> _EXERCISE DESCRIPTION_: The entries must be repeated verbatim, and their images left out.
THE INPUT: Begin
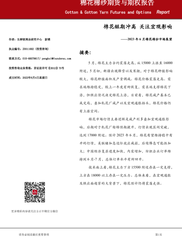 【方正中期期货】【20230604】棉花棉纱期货与期权报告-28页 行业研究
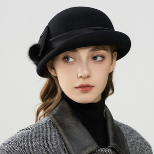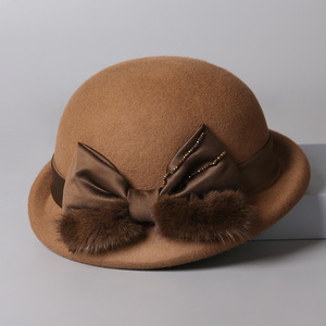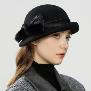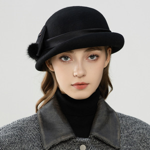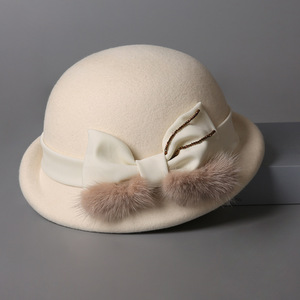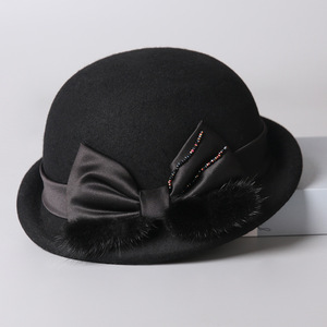 法式赫本风蝴蝶结水貂毛渔夫帽子女秋冬羊毛礼帽优雅保暖盆帽批发
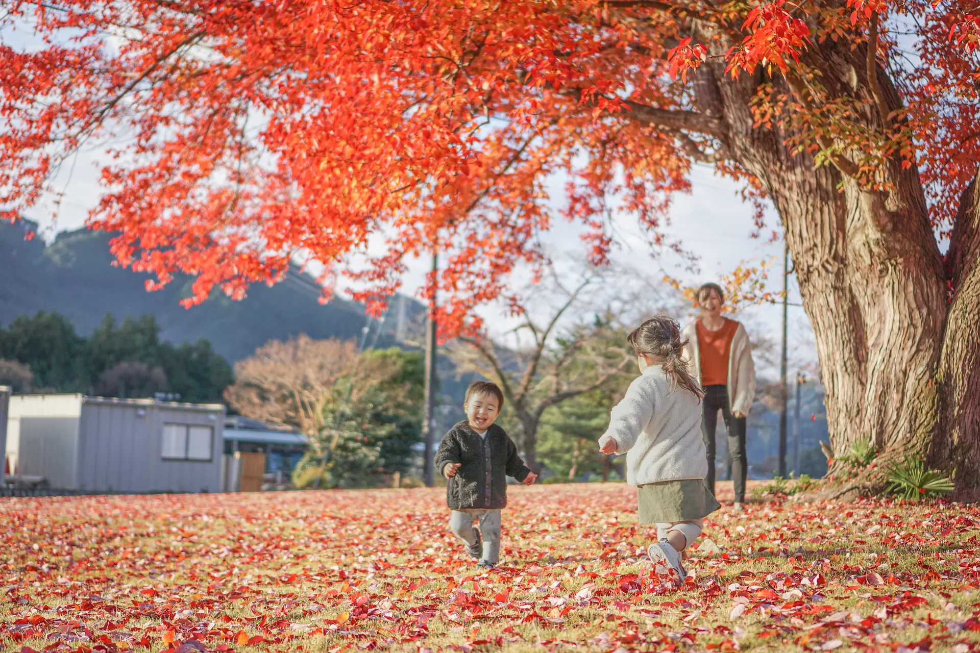 息子は豪快に転んでしまい、全身を落ち葉で赤く染めていました(笑)
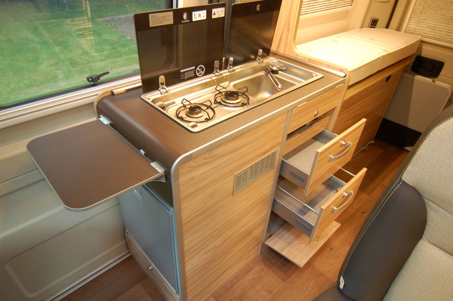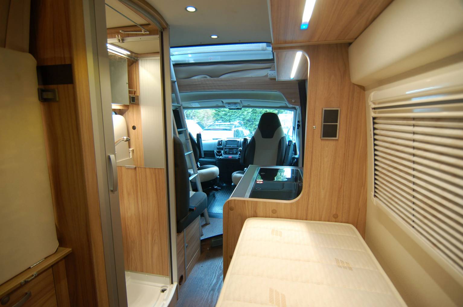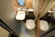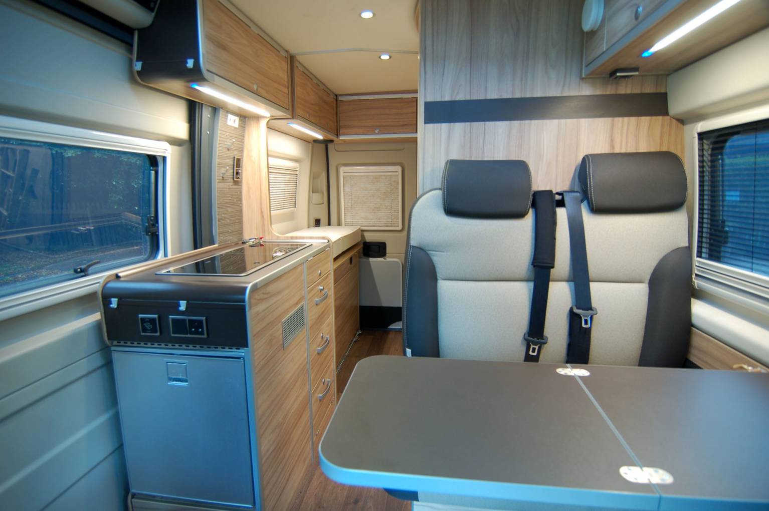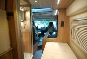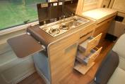 Every fitting and fixture is high quality and the layout comprises of a rear transverse bed of 196 x 138cm max and garage combination, centre kitchen and washroom, forward dinette and large upper roof bed of 200 x 135cm. Both beds are substantial and comfortable, the lower bed having the Hymer Comfort system supporting the mattress cushions. The centre section of the rear bed is easily hinged to create a garage store. Also here is the Gaslow refillable domestic gas supply, fill up for a fraction of the price of bottled gas. The rear doors have fitted opening windows with blinds and flyscreens, storage for an external table with two chairs to match.
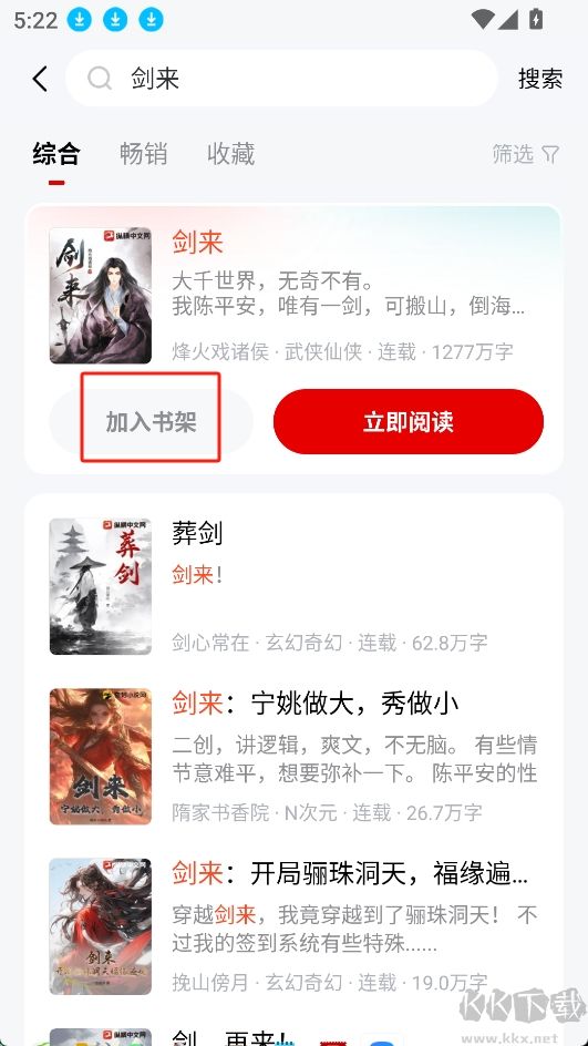 2.搜索自己想要加入書架的名稱,然后根據(jù)搜索結(jié)果找到它,點(diǎn)擊加入書架;
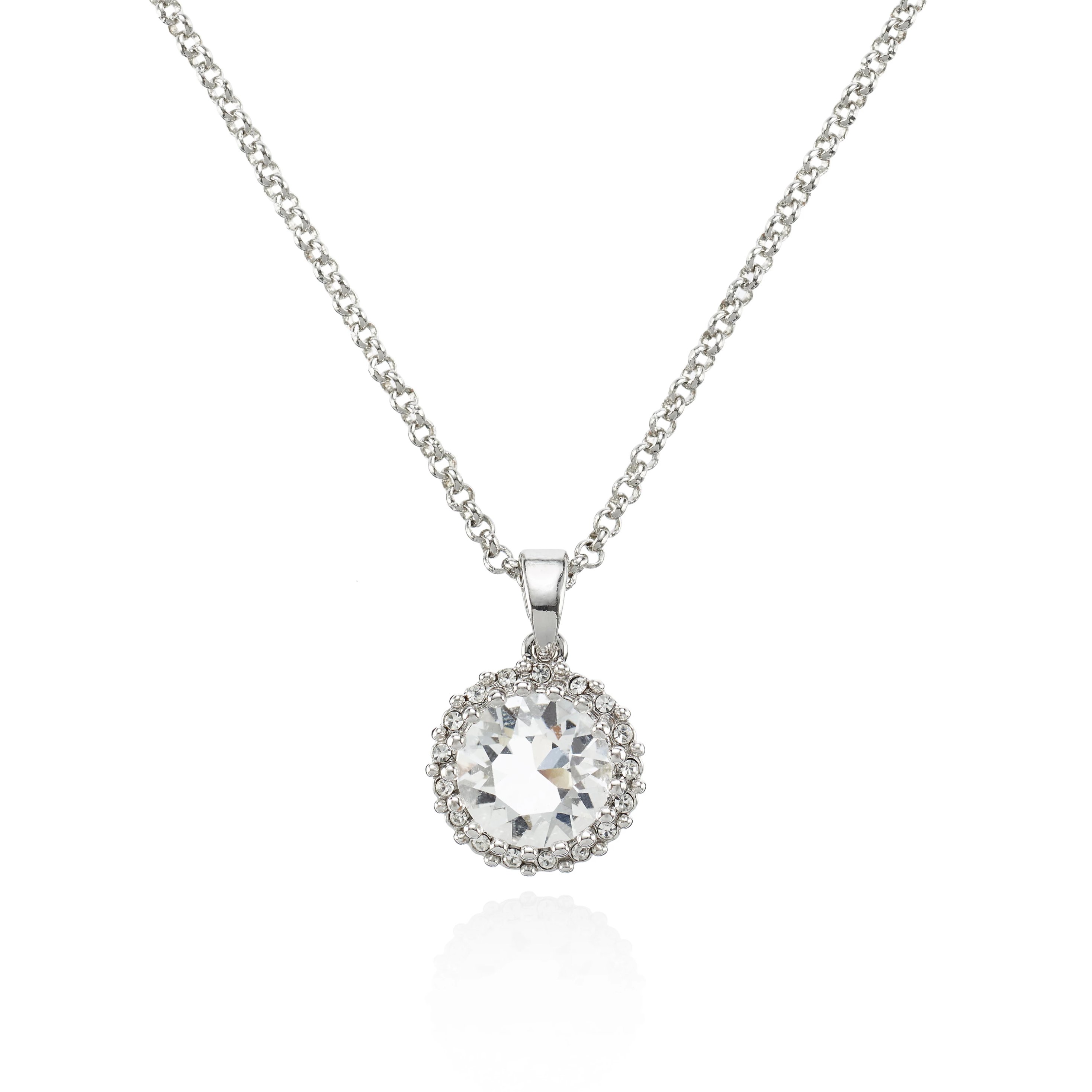 - 1.1cm x 1.1cm Swarovski Crystal pendant with one large stone encircled by a halo of smaller stones
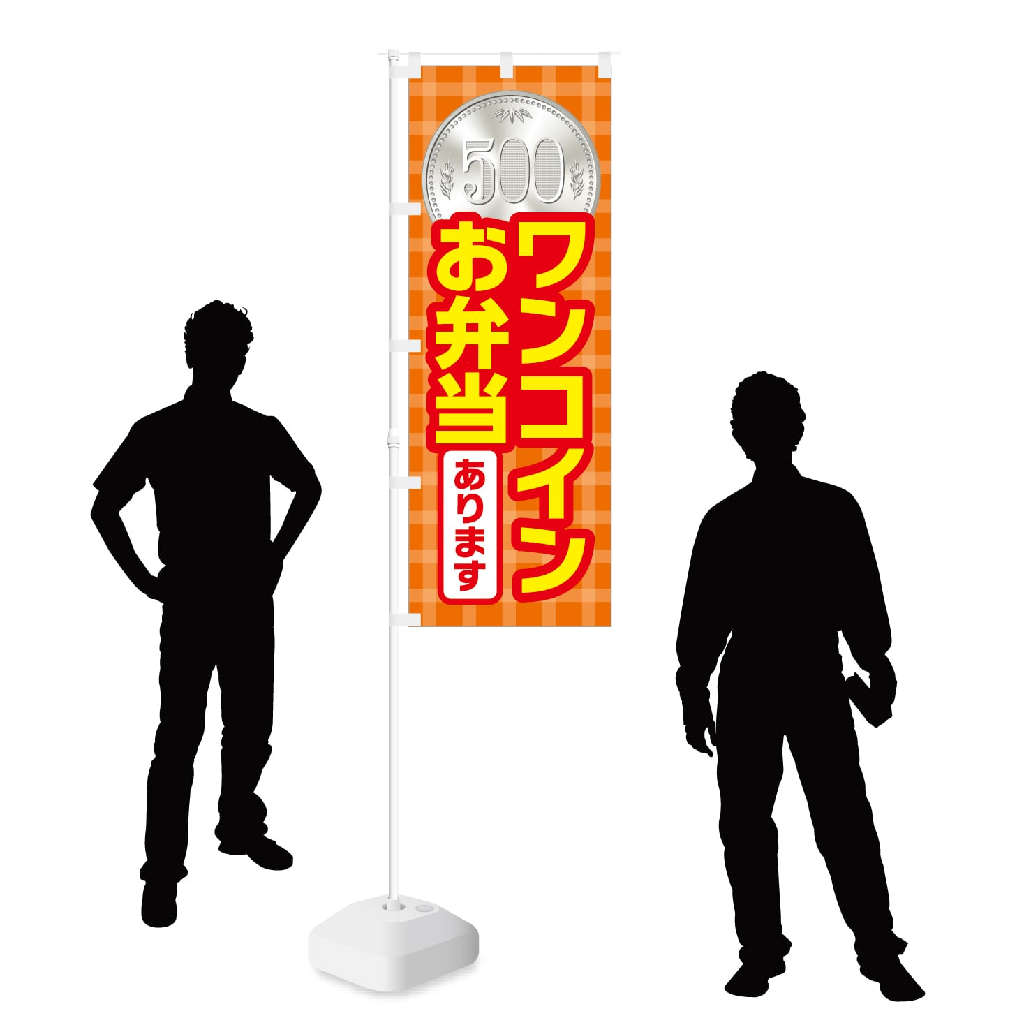 【 ワンコイン お弁当 あります 】のぼり旗です。
THE INPUT: End
> _RESPONSE TO THIS TASK_:
 【方正中期期货】【20230604】棉花棉纱期货与期权报告-28页 行业研究
 法式赫本风蝴蝶结水貂毛渔夫帽子女秋冬羊毛礼帽优雅保暖盆帽批发
 息子は豪快に転んでしまい、全身を落ち葉で赤く染めていました(笑)
 Every fitting and fixture is high quality and the layout comprises of a rear transverse bed of 196 x 138cm max and garage combination, centre kitchen and washroom, forward dinette and large upper roof bed of 200 x 135cm. Both beds are substantial and comfortable, the lower bed having the Hymer Comfort system supporting the mattress cushions. The centre section of the rear bed is easily hinged to create a garage store. Also here is the Gaslow refillable domestic gas supply, fill up for a fraction of the price of bottled gas. The rear doors have fitted opening windows with blinds and flyscreens, storage for an external table with two chairs to match.
 2.搜索自己想要加入書架的名稱,然后根據(jù)搜索結(jié)果找到它,點(diǎn)擊加入書架;
 - 1.1cm x 1.1cm Swarovski Crystal pendant with one large stone encircled by a halo of smaller stones
 【 ワンコイン お弁当 あります 】のぼり旗です。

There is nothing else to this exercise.